- **DATA IN THIS EXERCISE**

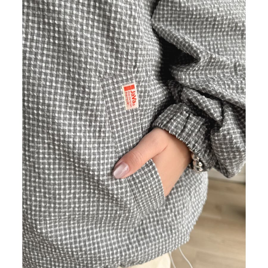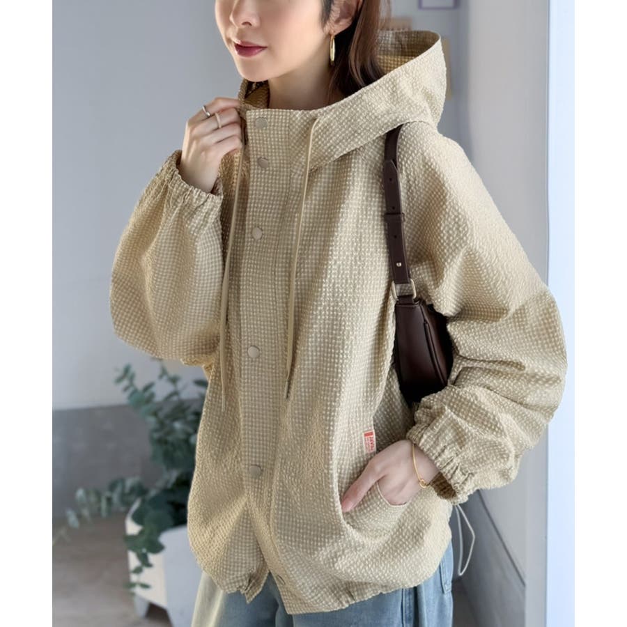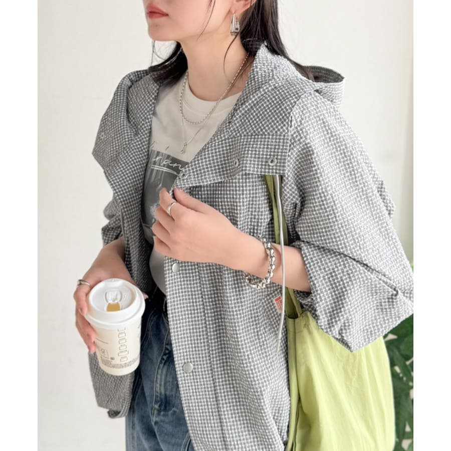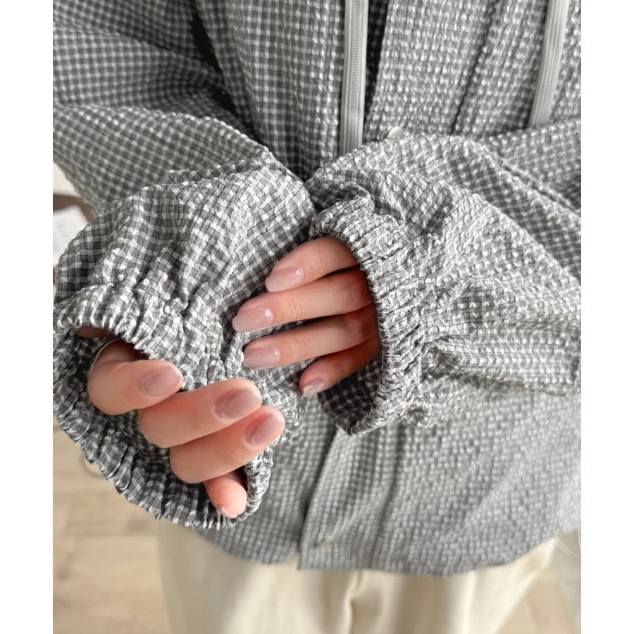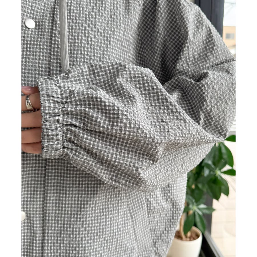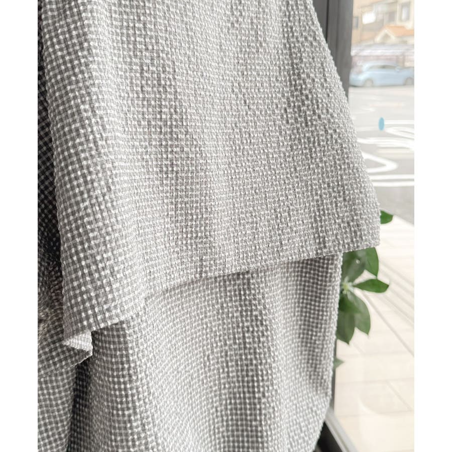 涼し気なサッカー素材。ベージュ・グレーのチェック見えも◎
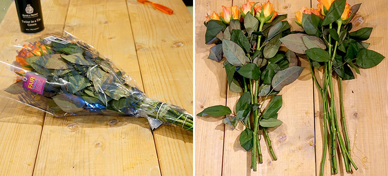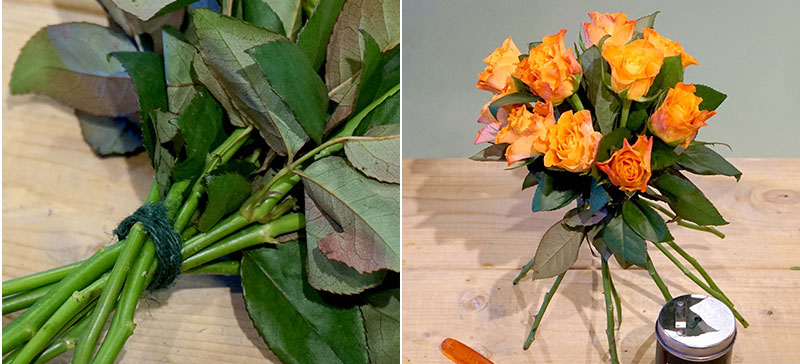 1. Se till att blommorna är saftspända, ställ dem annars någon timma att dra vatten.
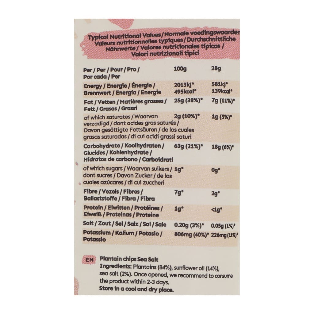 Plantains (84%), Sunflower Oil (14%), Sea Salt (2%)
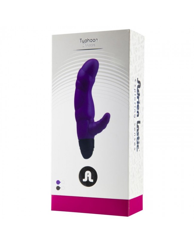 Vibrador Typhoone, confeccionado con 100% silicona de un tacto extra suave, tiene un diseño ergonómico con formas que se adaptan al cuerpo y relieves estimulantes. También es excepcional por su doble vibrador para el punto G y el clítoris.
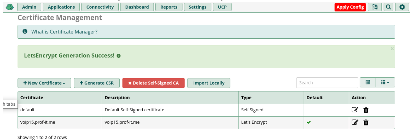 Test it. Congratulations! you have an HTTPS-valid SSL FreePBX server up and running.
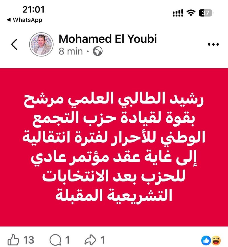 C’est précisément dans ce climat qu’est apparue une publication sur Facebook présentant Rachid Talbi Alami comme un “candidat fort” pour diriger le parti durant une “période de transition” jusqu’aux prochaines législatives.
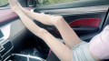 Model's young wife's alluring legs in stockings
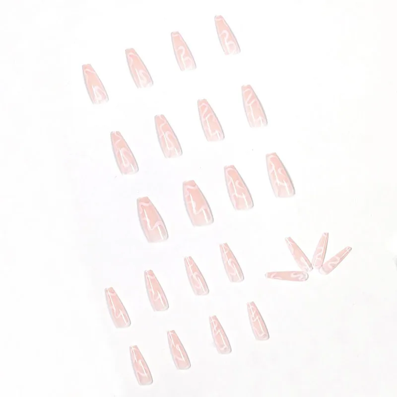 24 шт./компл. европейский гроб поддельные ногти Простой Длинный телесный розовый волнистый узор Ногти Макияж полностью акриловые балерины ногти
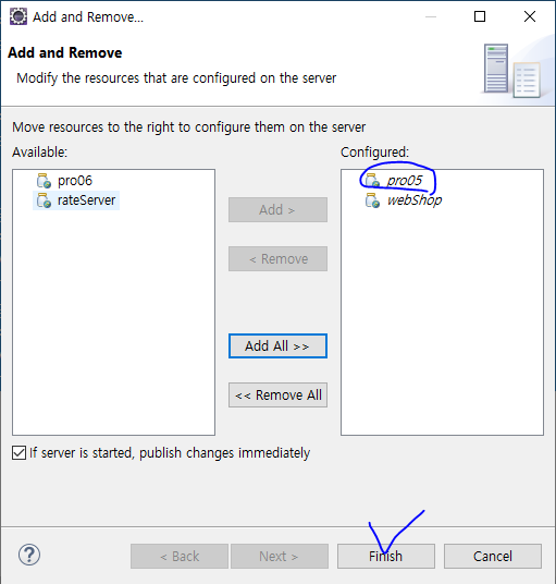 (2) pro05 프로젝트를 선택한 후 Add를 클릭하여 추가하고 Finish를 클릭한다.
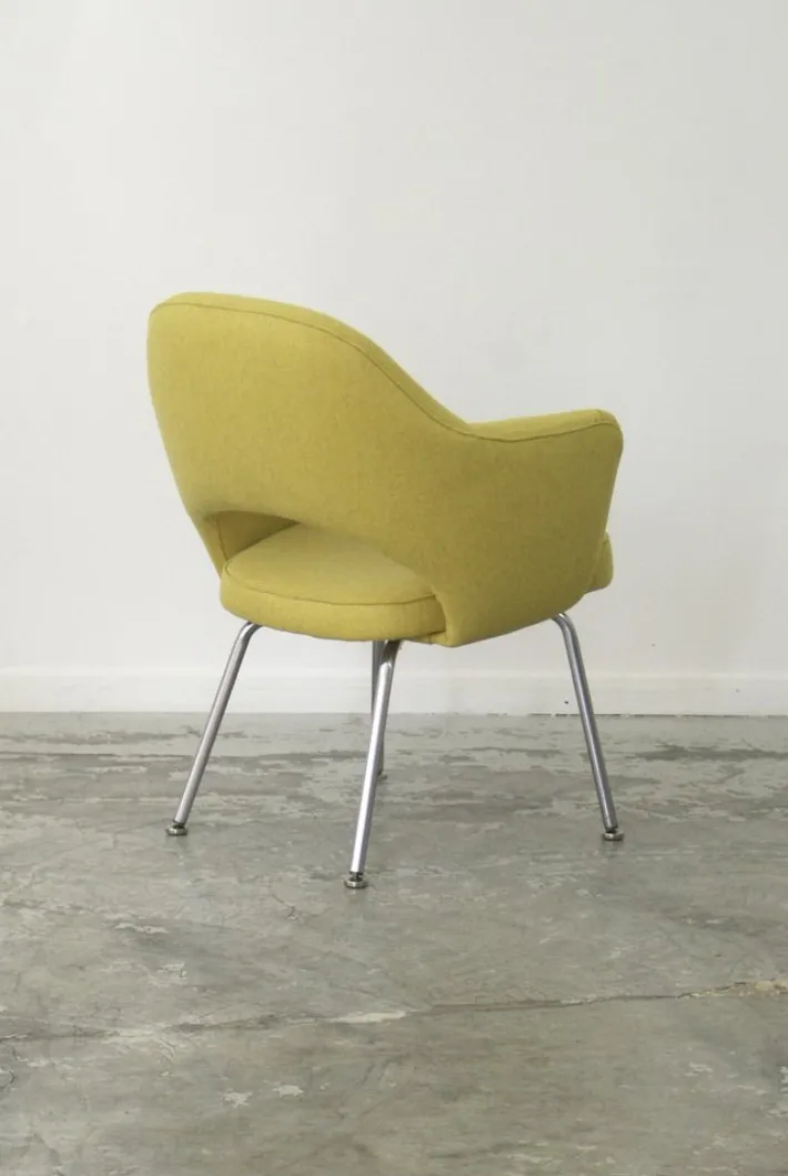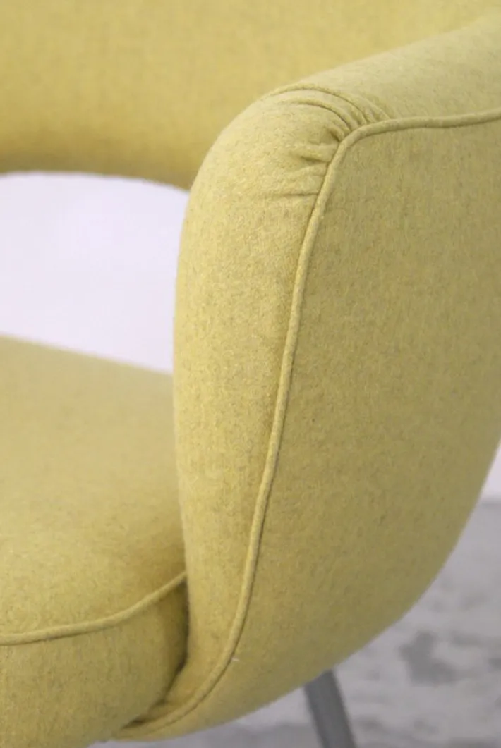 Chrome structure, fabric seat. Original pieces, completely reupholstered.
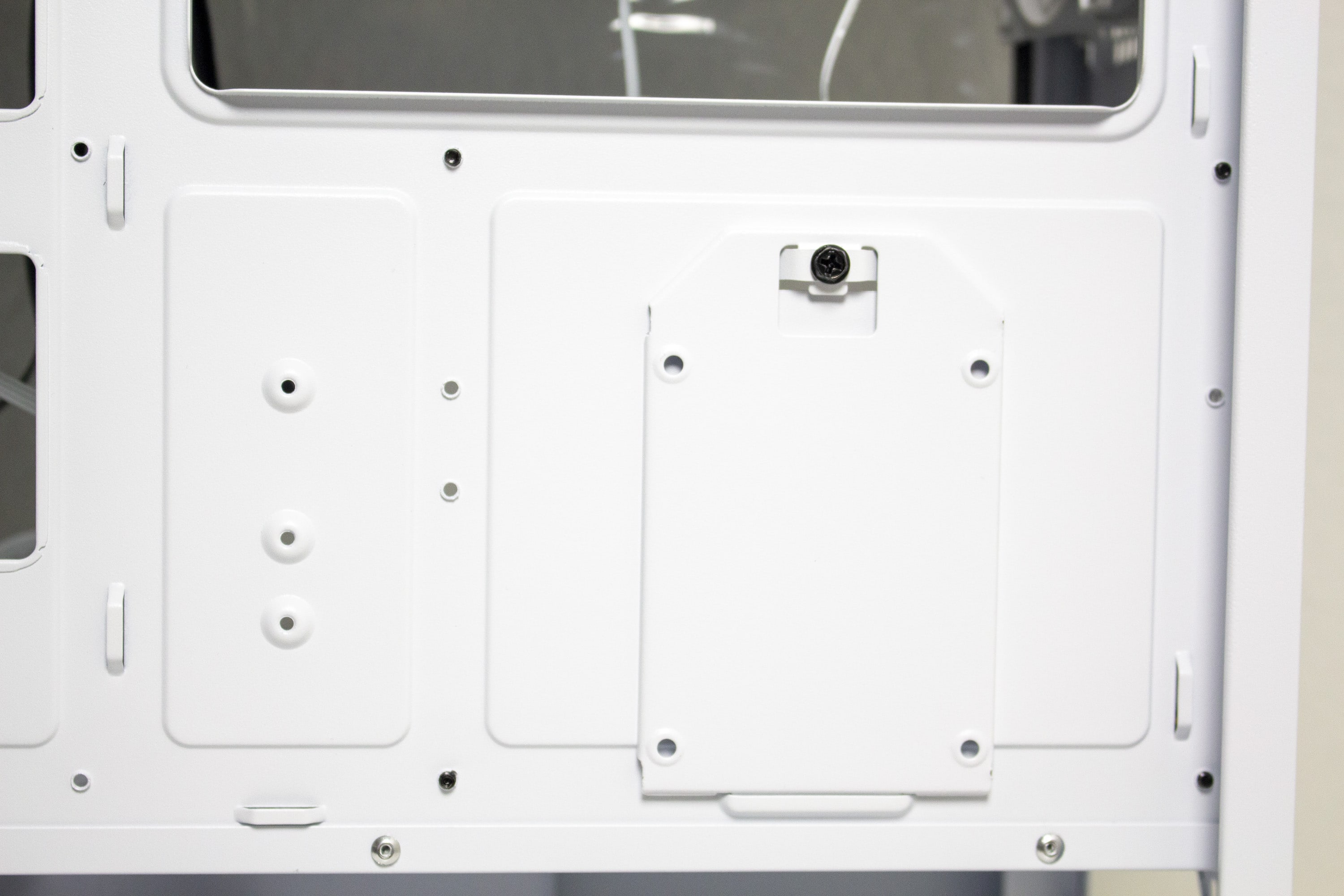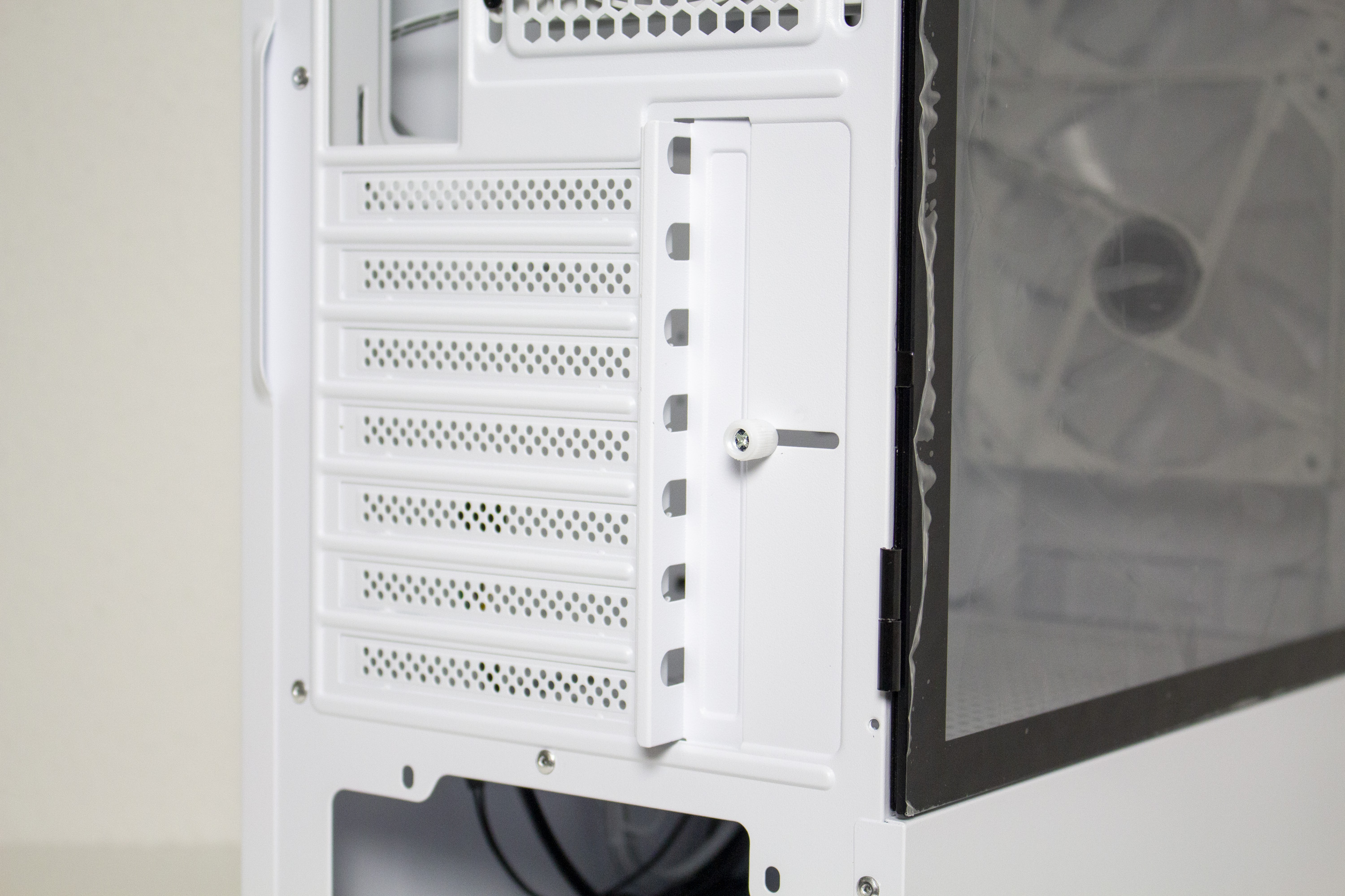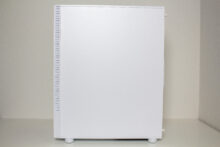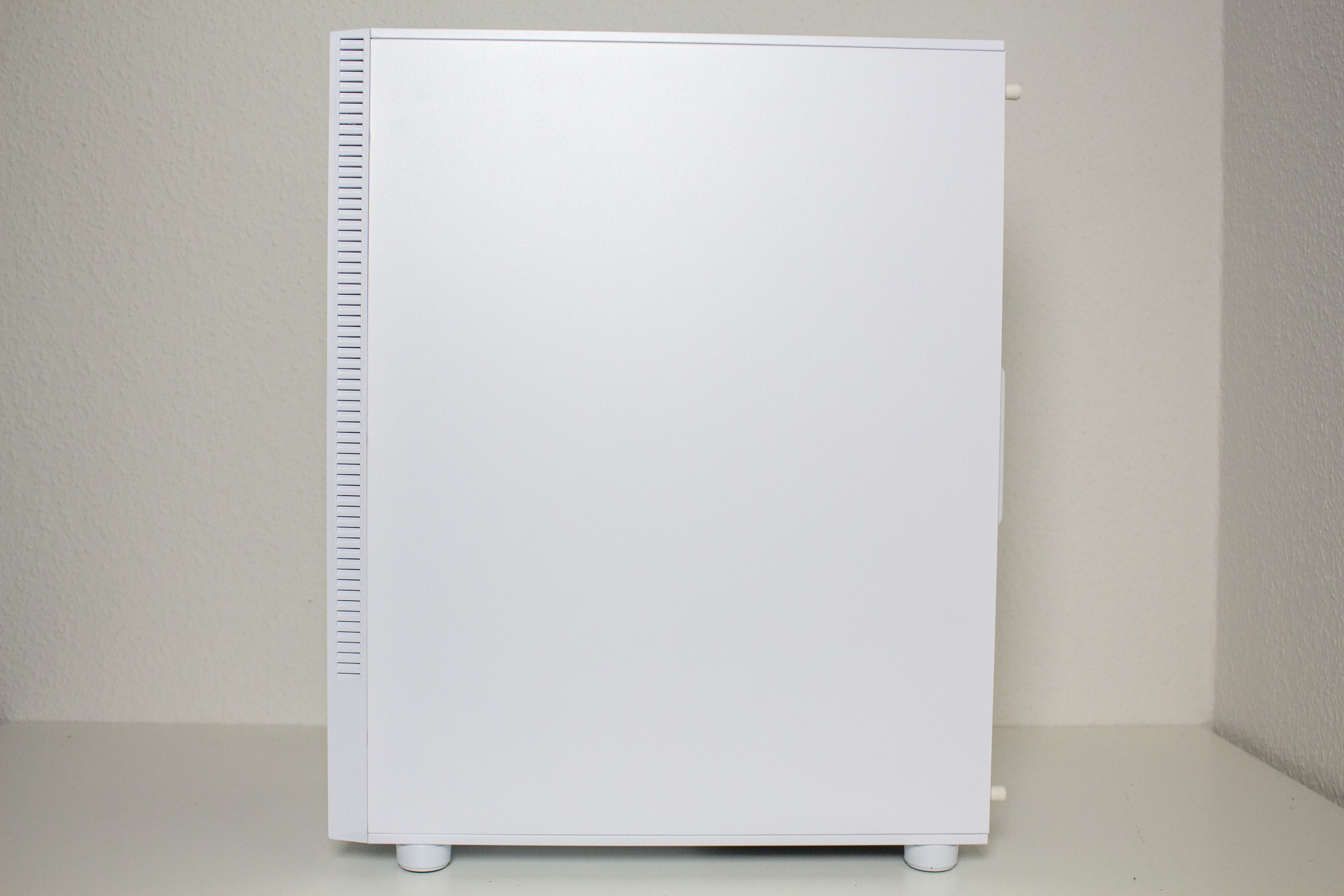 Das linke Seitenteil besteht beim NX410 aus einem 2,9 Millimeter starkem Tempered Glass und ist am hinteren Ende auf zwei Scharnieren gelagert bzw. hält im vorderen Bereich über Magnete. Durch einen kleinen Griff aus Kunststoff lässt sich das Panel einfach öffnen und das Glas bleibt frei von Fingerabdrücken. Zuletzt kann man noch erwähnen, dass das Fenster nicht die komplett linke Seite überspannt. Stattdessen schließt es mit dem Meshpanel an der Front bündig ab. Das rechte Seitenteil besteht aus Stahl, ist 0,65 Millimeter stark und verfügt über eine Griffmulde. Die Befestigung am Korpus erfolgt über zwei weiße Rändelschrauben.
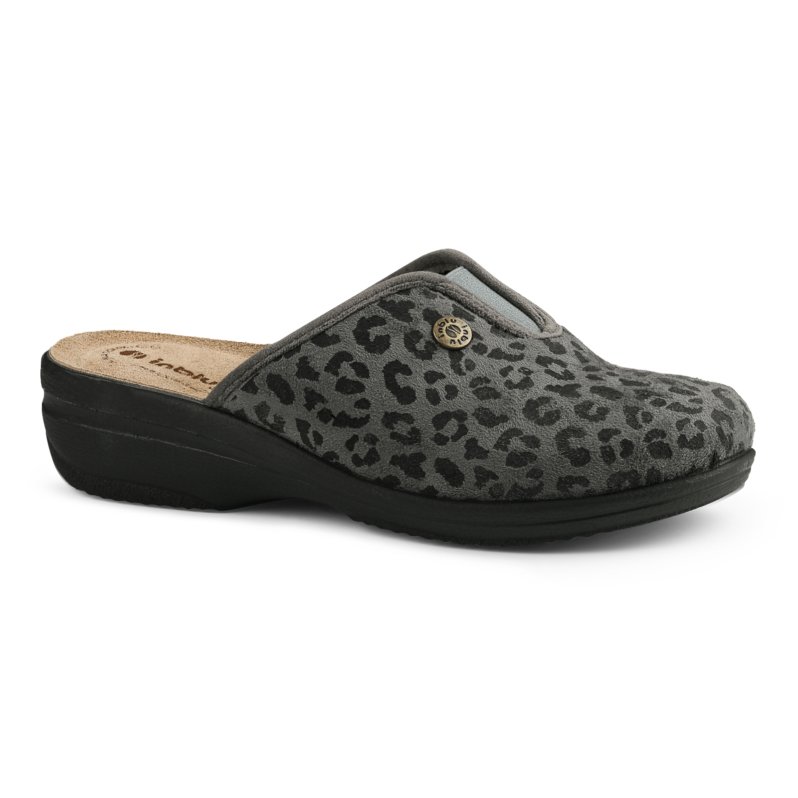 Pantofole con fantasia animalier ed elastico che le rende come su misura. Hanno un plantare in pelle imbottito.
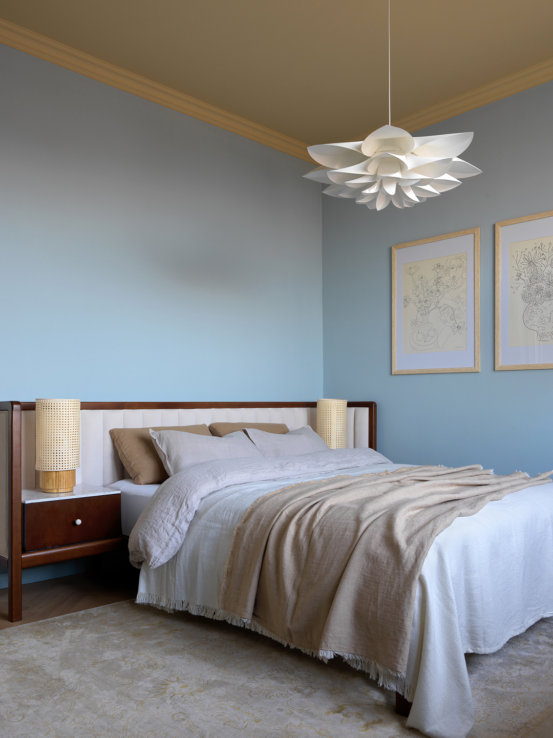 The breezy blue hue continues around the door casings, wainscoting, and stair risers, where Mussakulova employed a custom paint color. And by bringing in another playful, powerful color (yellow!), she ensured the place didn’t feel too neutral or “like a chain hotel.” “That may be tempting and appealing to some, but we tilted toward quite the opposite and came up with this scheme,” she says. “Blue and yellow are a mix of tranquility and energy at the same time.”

- **TASK**
What you return must match, character for character, the lines above from the one with "Test it. Congratulations!" through the one with "(2) pro05 프로젝트를", minus any pictures.

- **FINISHED TASK**
 Test it. Congratulations! you have an HTTPS-valid SSL FreePBX server up and running.
 C’est précisément dans ce climat qu’est apparue une publication sur Facebook présentant Rachid Talbi Alami comme un “candidat fort” pour diriger le parti durant une “période de transition” jusqu’aux prochaines législatives.
 Model's young wife's alluring legs in stockings
 24 шт./компл. европейский гроб поддельные ногти Простой Длинный телесный розовый волнистый узор Ногти Макияж полностью акриловые балерины ногти
 (2) pro05 프로젝트를 선택한 후 Add를 클릭하여 추가하고 Finish를 클릭한다.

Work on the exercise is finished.